> _What the task asks_
Give the data again in full, without pictures.

> _Dataset content_
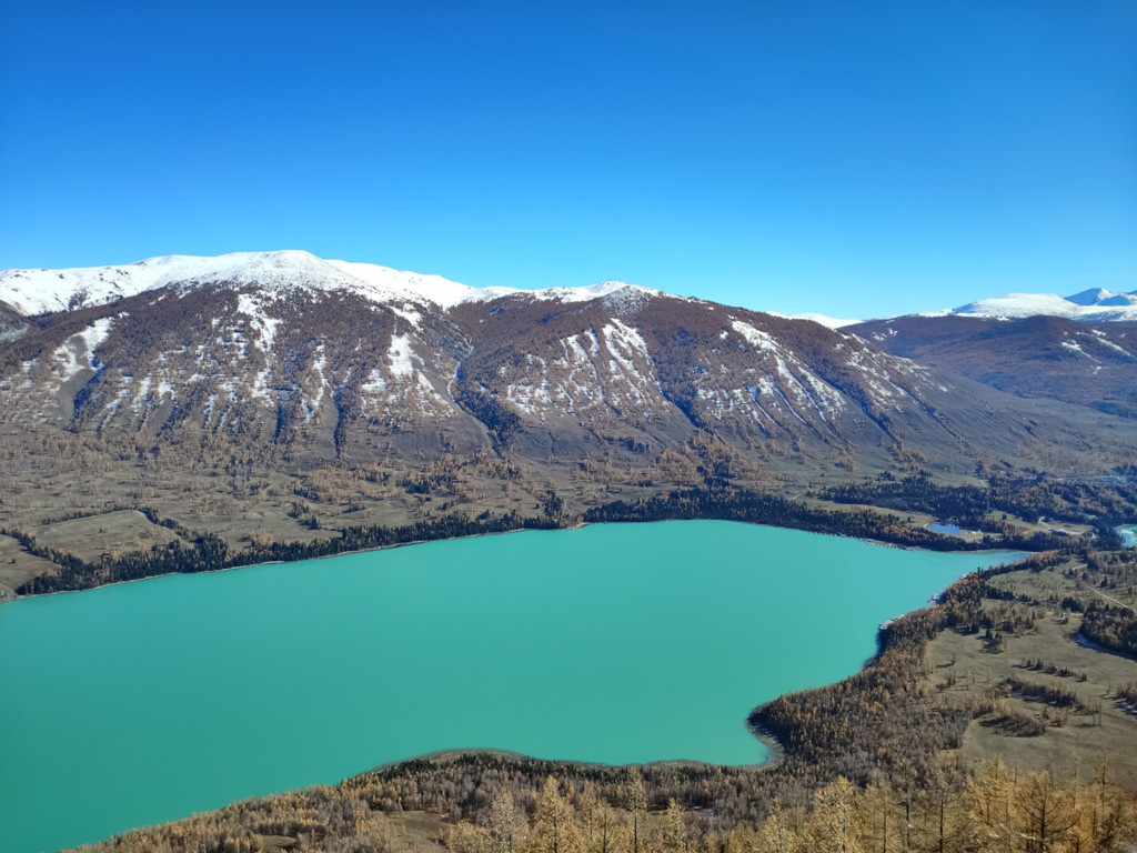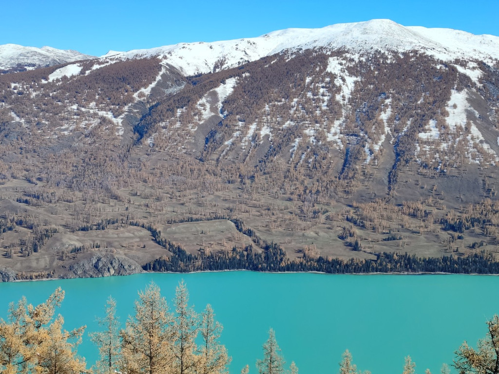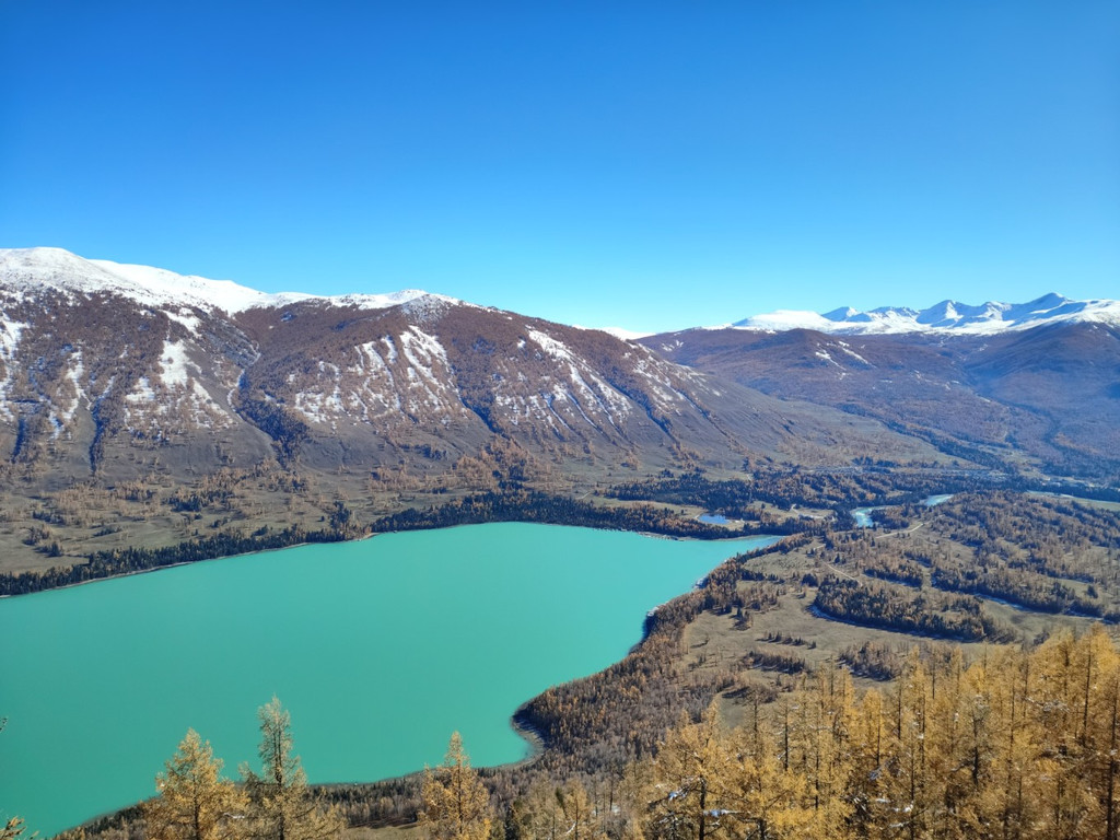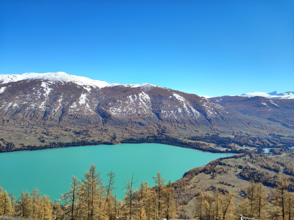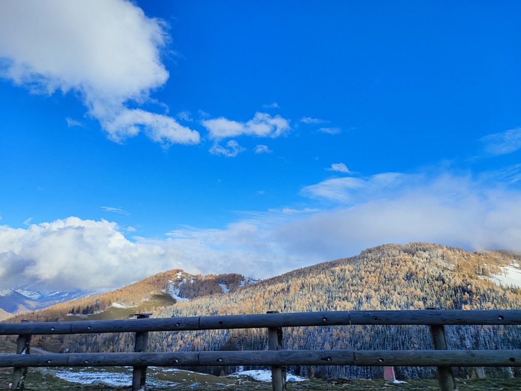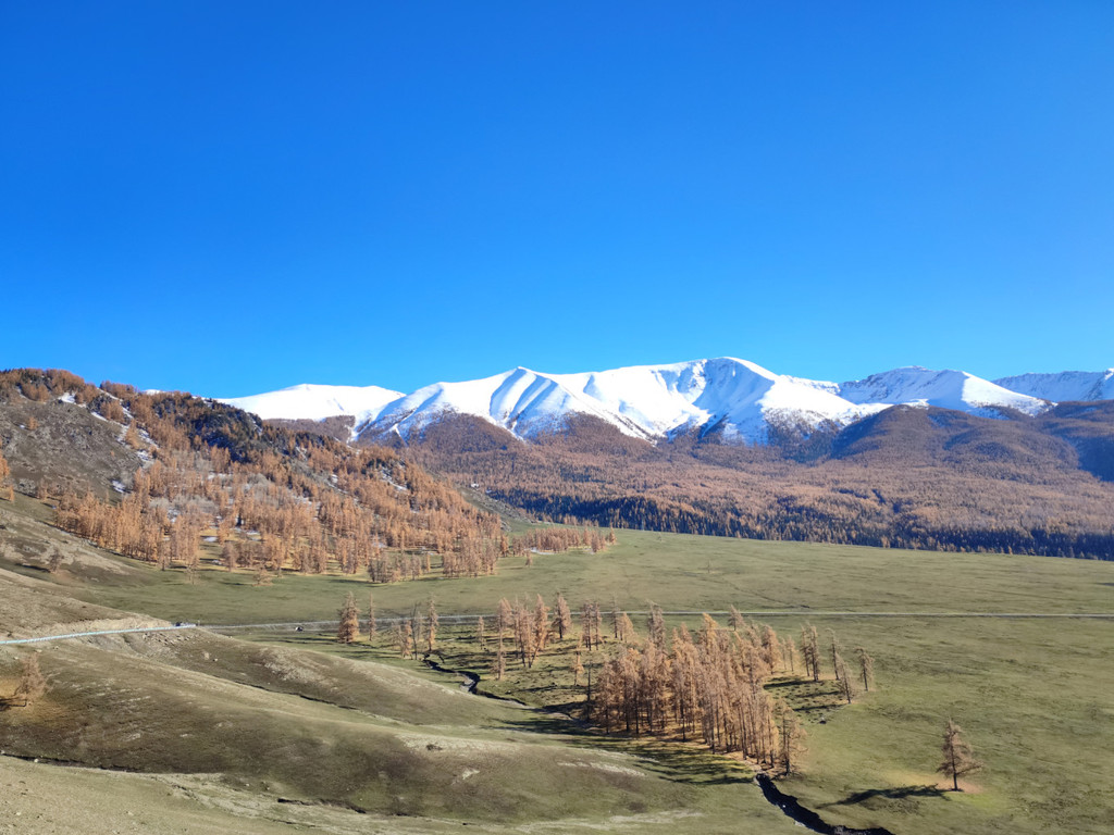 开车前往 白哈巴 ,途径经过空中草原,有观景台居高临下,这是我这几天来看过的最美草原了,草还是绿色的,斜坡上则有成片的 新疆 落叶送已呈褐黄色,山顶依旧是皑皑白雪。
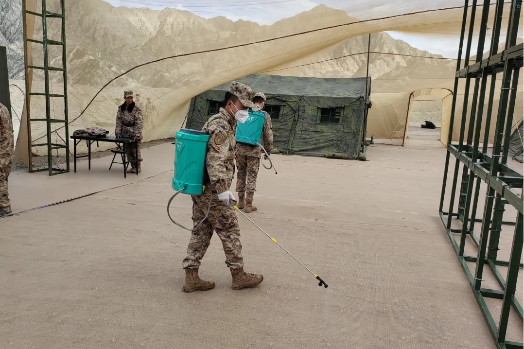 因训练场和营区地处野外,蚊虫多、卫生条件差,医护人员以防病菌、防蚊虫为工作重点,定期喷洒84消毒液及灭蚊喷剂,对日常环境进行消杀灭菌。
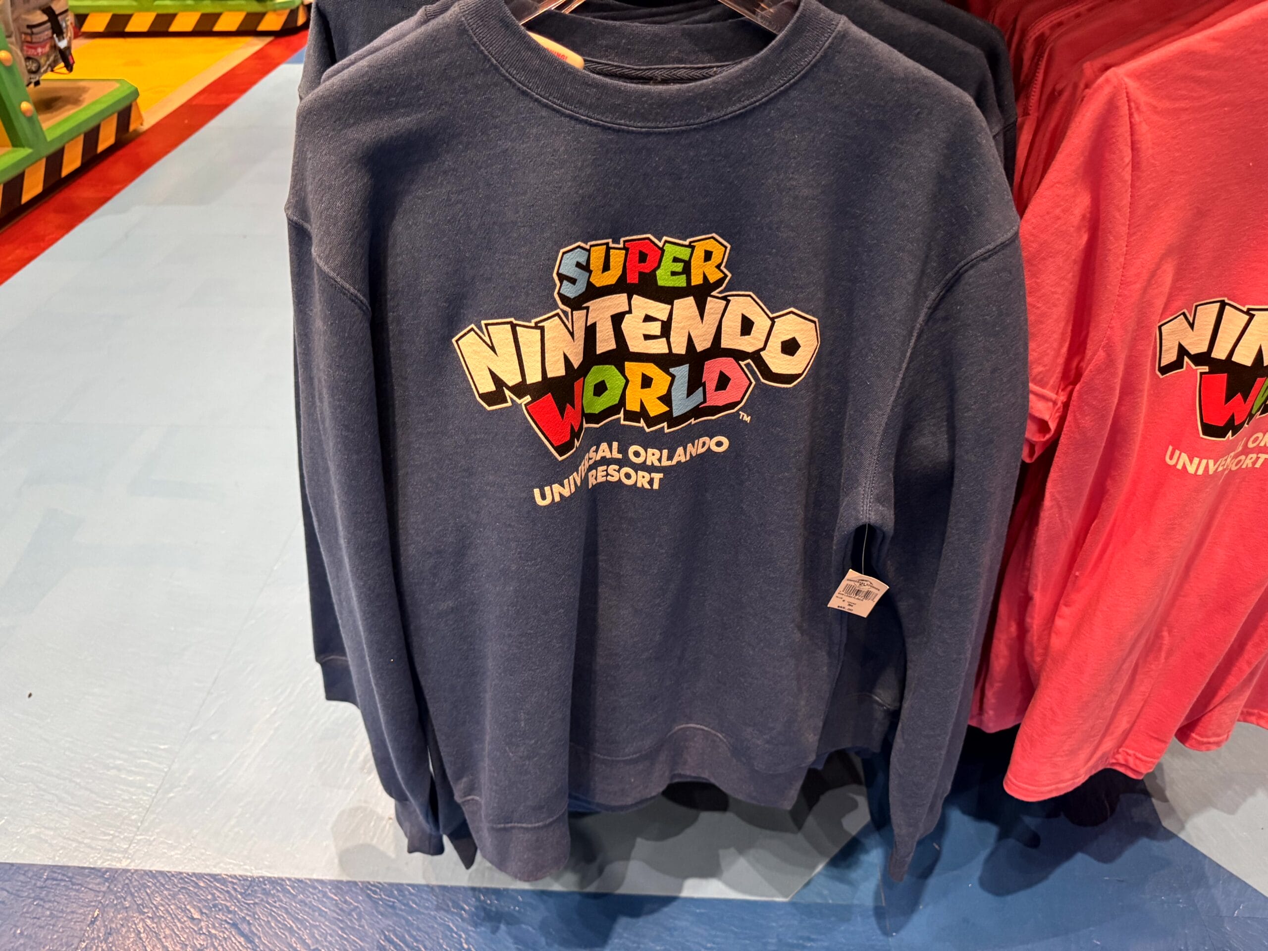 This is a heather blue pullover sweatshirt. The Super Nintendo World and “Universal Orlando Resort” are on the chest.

> _Task output_
 开车前往 白哈巴 ,途径经过空中草原,有观景台居高临下,这是我这几天来看过的最美草原了,草还是绿色的,斜坡上则有成片的 新疆 落叶送已呈褐黄色,山顶依旧是皑皑白雪。
 因训练场和营区地处野外,蚊虫多、卫生条件差,医护人员以防病菌、防蚊虫为工作重点,定期喷洒84消毒液及灭蚊喷剂,对日常环境进行消杀灭菌。
 This is a heather blue pullover sweatshirt. The Super Nintendo World and “Universal Orlando Resort” are on the chest.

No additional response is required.